Records drawn from a dataset
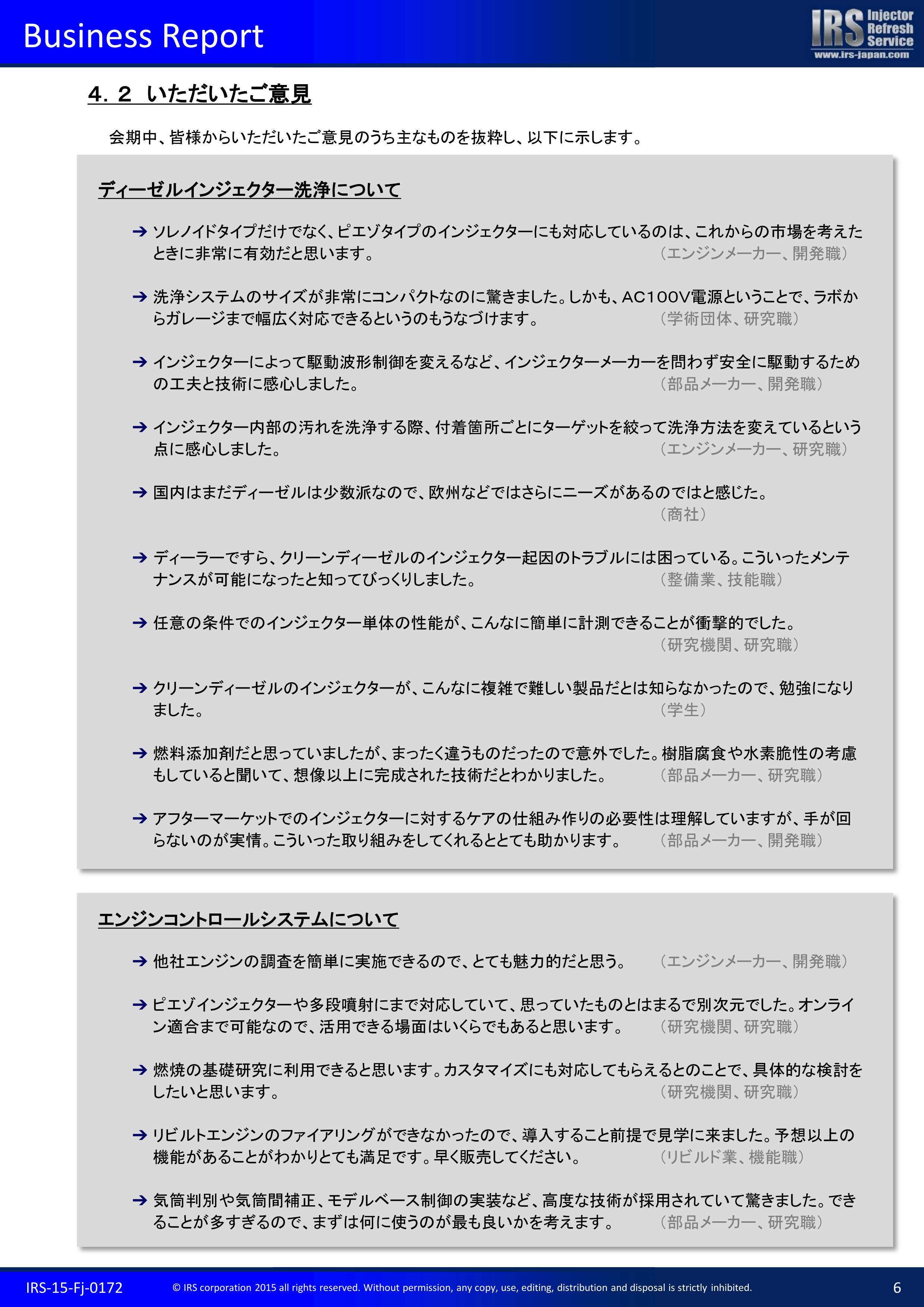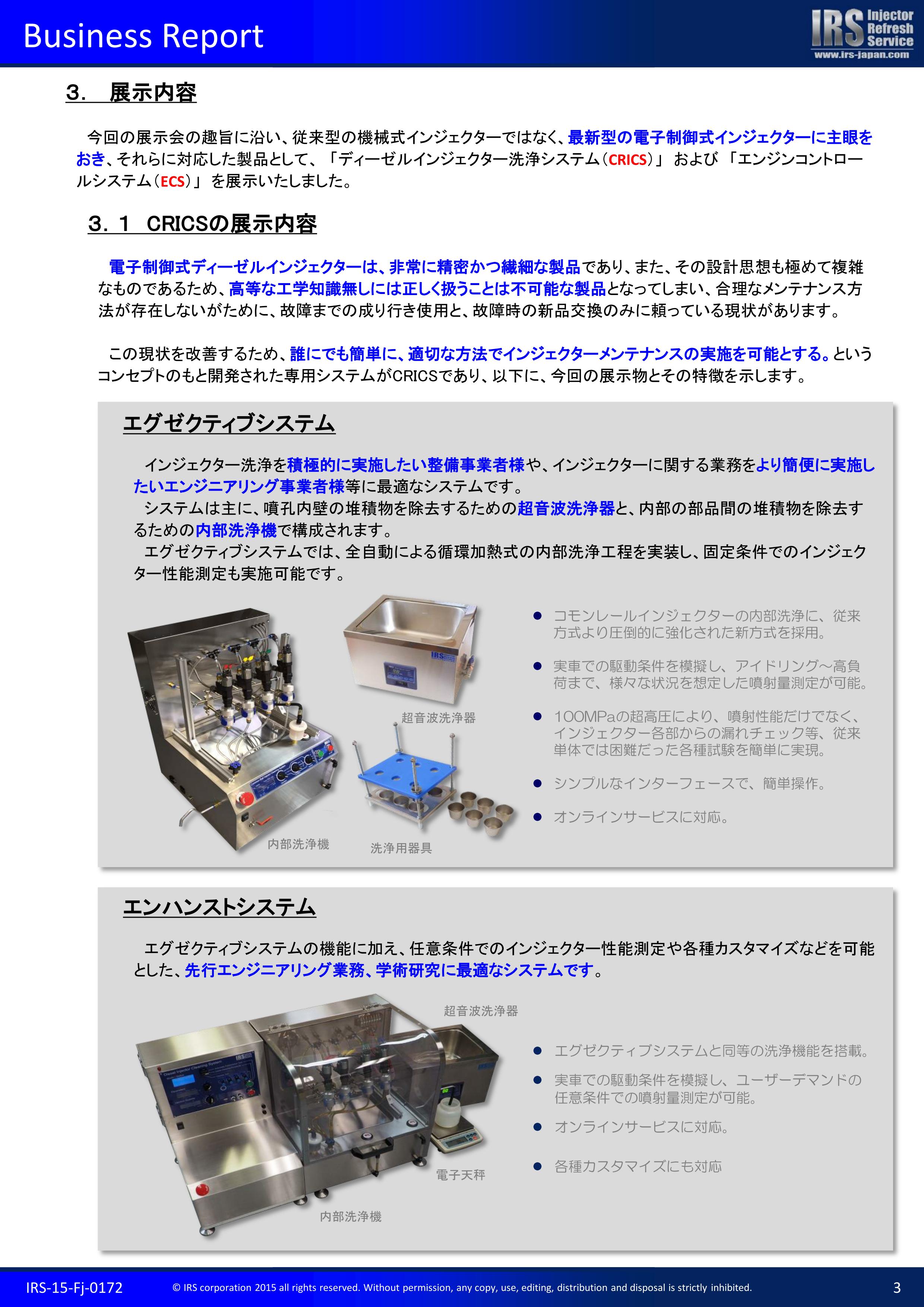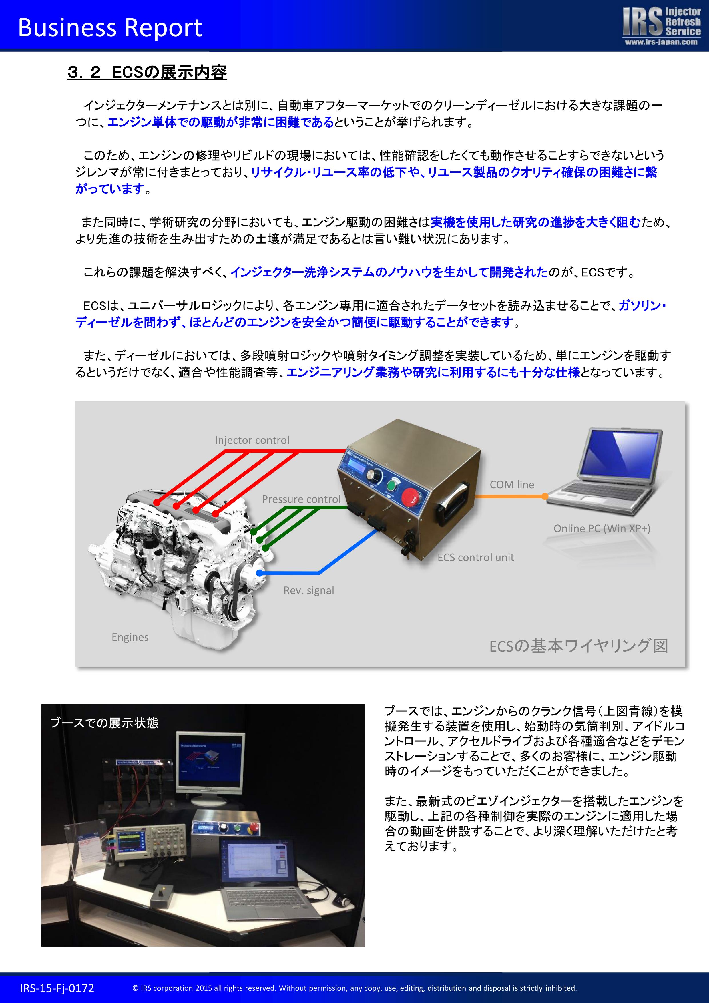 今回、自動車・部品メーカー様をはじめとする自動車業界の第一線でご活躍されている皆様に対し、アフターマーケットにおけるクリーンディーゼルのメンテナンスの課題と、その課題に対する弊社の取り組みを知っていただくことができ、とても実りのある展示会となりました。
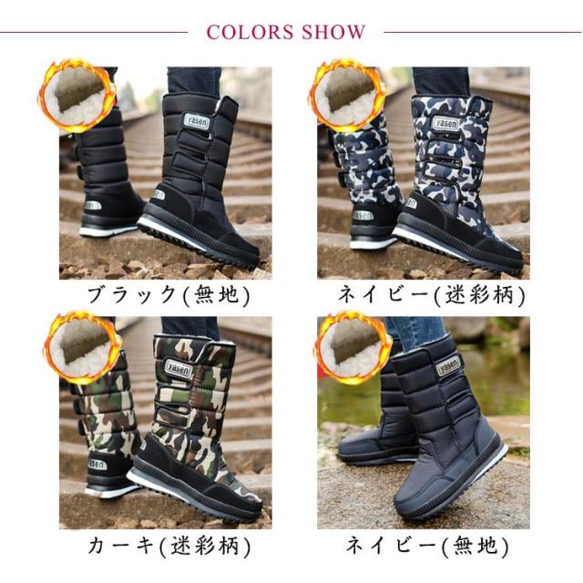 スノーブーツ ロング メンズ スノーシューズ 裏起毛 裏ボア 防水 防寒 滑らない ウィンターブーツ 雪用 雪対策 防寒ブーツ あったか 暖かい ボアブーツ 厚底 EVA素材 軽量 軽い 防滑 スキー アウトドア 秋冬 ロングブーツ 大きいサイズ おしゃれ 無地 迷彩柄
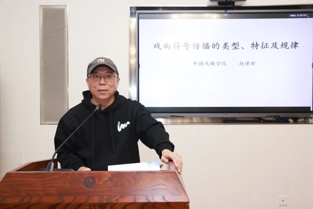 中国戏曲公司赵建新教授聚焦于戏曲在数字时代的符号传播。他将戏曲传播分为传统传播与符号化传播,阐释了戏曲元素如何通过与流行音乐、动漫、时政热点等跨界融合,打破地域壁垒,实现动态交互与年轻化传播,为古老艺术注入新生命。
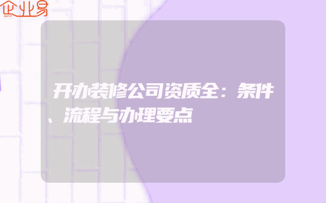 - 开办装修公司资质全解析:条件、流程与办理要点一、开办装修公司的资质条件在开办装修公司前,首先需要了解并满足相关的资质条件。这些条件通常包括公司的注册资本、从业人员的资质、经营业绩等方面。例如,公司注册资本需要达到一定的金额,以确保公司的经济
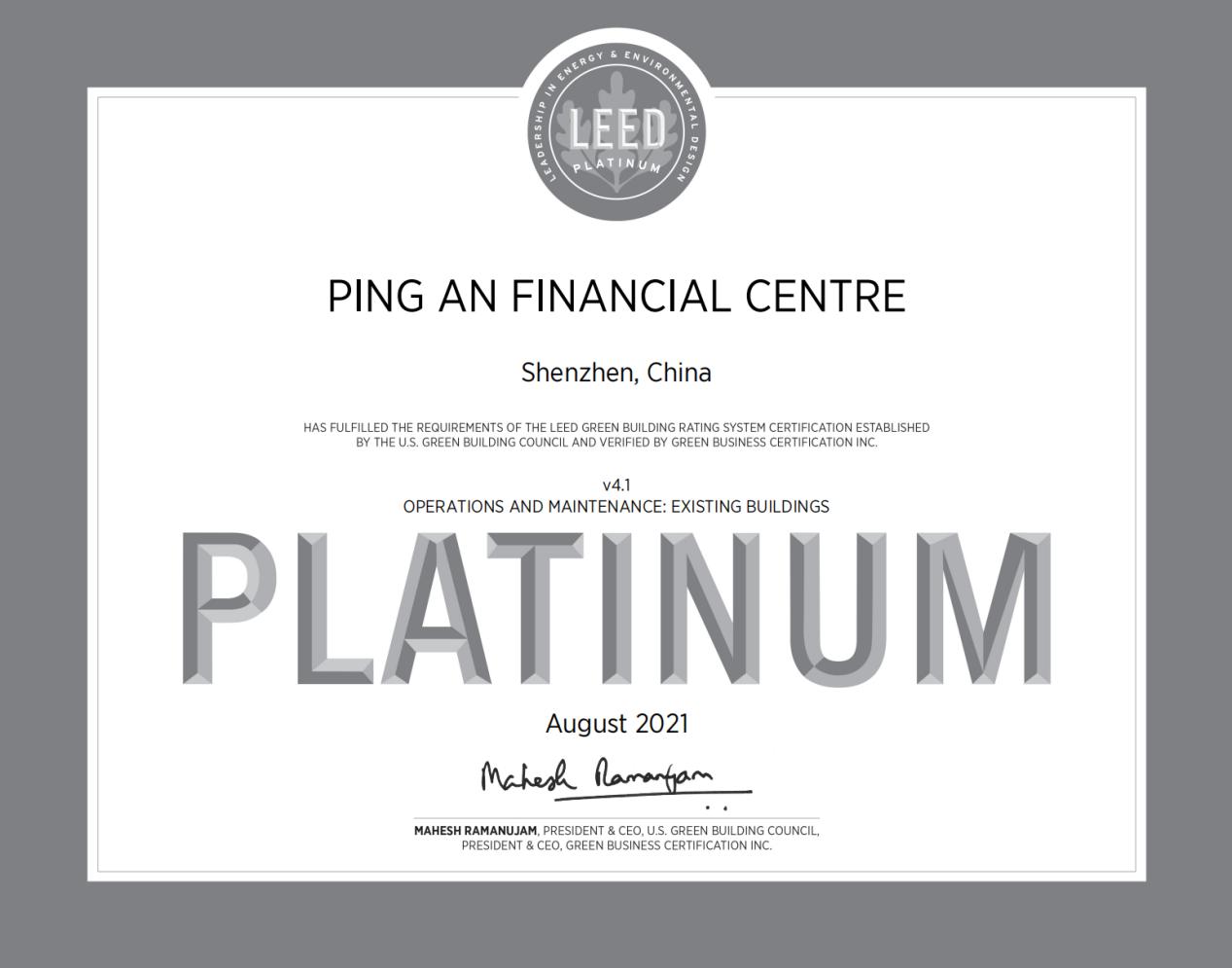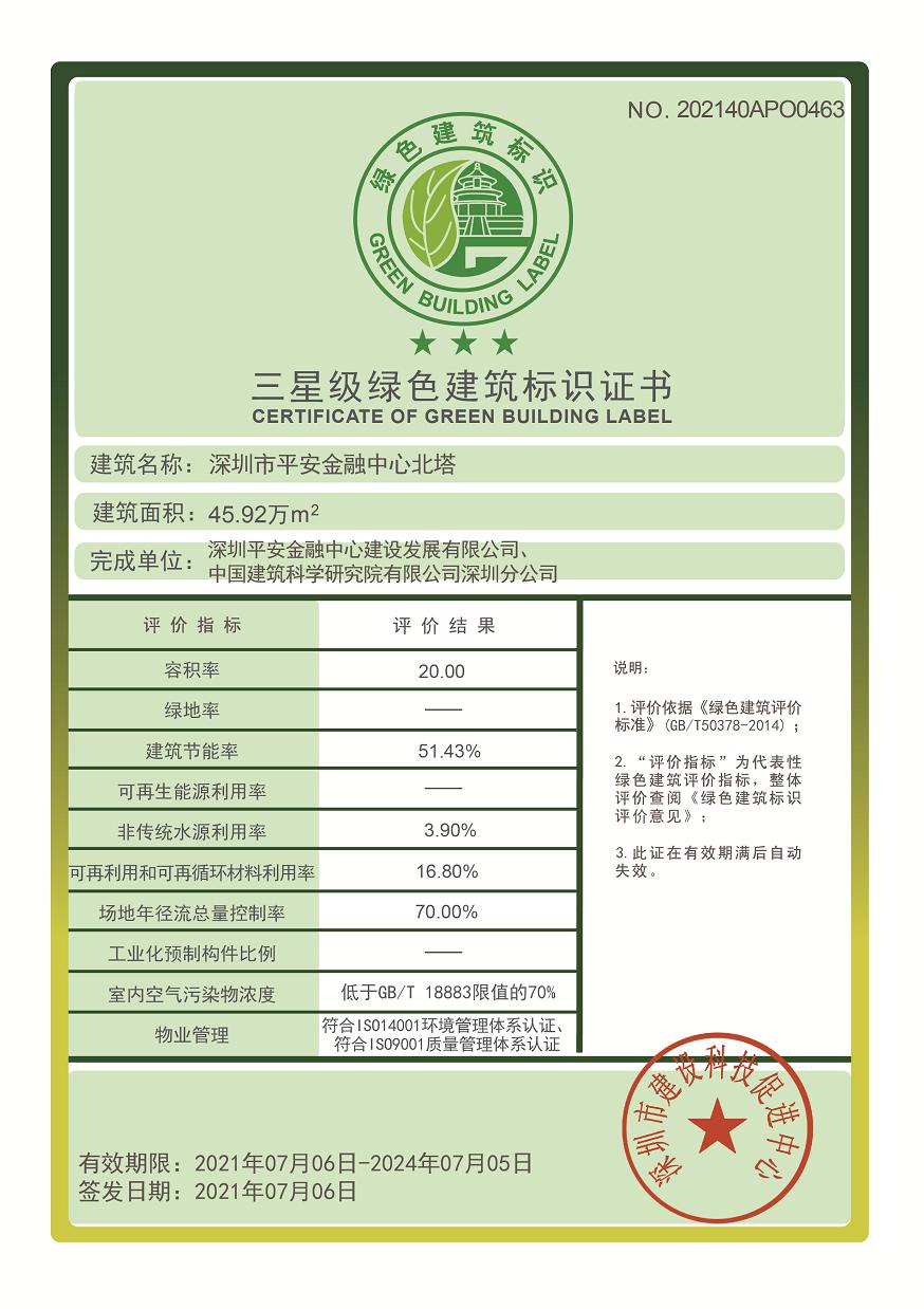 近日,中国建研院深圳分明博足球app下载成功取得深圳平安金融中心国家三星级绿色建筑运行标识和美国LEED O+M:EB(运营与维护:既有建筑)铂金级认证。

■ **Exercise objective**
Write every entry out again exactly, dropping the pictures.

■ **Answer space**
 今回、自動車・部品メーカー様をはじめとする自動車業界の第一線でご活躍されている皆様に対し、アフターマーケットにおけるクリーンディーゼルのメンテナンスの課題と、その課題に対する弊社の取り組みを知っていただくことができ、とても実りのある展示会となりました。
 スノーブーツ ロング メンズ スノーシューズ 裏起毛 裏ボア 防水 防寒 滑らない ウィンターブーツ 雪用 雪対策 防寒ブーツ あったか 暖かい ボアブーツ 厚底 EVA素材 軽量 軽い 防滑 スキー アウトドア 秋冬 ロングブーツ 大きいサイズ おしゃれ 無地 迷彩柄
 中国戏曲公司赵建新教授聚焦于戏曲在数字时代的符号传播。他将戏曲传播分为传统传播与符号化传播,阐释了戏曲元素如何通过与流行音乐、动漫、时政热点等跨界融合,打破地域壁垒,实现动态交互与年轻化传播,为古老艺术注入新生命。
 - 开办装修公司资质全解析:条件、流程与办理要点一、开办装修公司的资质条件在开办装修公司前,首先需要了解并满足相关的资质条件。这些条件通常包括公司的注册资本、从业人员的资质、经营业绩等方面。例如,公司注册资本需要达到一定的金额,以确保公司的经济
 近日,中国建研院深圳分明博足球app下载成功取得深圳平安金融中心国家三星级绿色建筑运行标识和美国LEED O+M:EB(运营与维护:既有建筑)铂金级认证。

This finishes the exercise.